- **Records provided**:
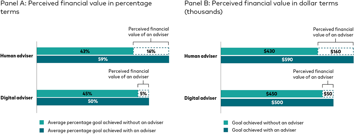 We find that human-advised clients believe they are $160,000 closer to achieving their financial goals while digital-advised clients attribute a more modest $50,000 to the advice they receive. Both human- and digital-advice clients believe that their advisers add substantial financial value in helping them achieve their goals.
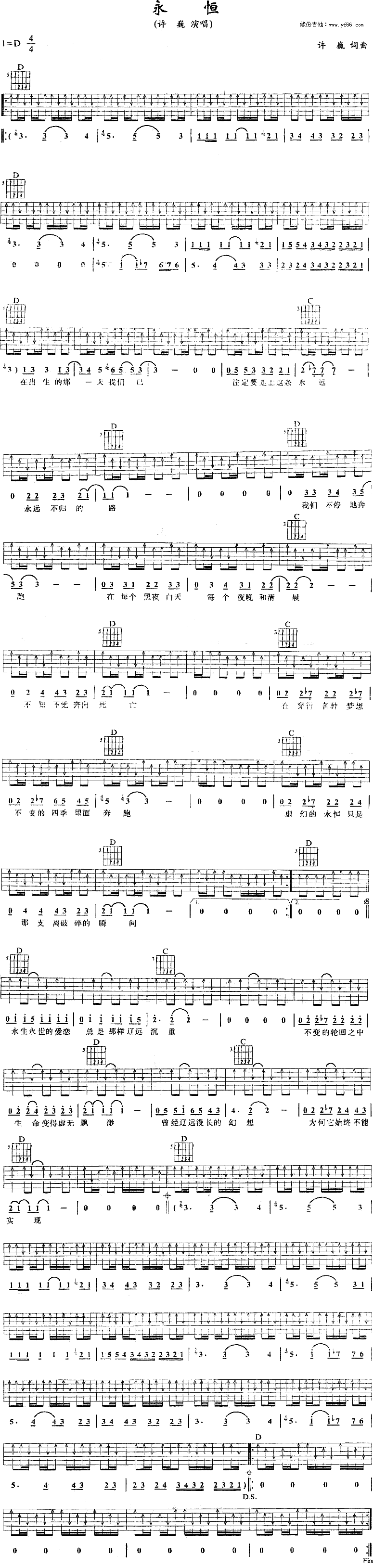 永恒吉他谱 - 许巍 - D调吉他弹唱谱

--

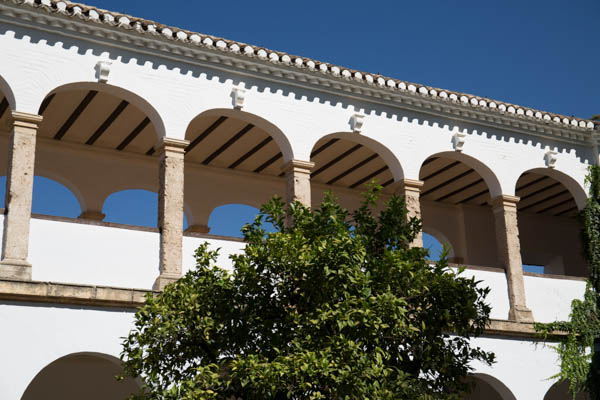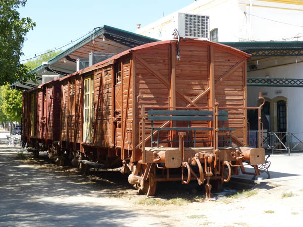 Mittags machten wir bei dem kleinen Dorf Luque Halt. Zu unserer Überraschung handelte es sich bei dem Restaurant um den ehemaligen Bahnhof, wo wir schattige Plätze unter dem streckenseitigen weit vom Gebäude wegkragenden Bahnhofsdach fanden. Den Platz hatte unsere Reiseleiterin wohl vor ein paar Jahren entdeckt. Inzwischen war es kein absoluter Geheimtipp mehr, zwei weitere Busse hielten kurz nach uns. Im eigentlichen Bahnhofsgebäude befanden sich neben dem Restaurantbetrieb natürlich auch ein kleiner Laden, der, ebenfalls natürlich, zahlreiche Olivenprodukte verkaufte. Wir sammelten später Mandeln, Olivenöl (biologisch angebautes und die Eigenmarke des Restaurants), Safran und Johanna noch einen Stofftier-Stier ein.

- **Work to be completed**:
Copy word for word the span of the records above that begins at the line with "We find that" and ends at the line with "永恒吉他谱 - 许巍 - D调吉他弹唱谱", including those two lines but not the pictures.

- **Solution for this exercise**:
 We find that human-advised clients believe they are $160,000 closer to achieving their financial goals while digital-advised clients attribute a more modest $50,000 to the advice they receive. Both human- and digital-advice clients believe that their advisers add substantial financial value in helping them achieve their goals.
 永恒吉他谱 - 许巍 - D调吉他弹唱谱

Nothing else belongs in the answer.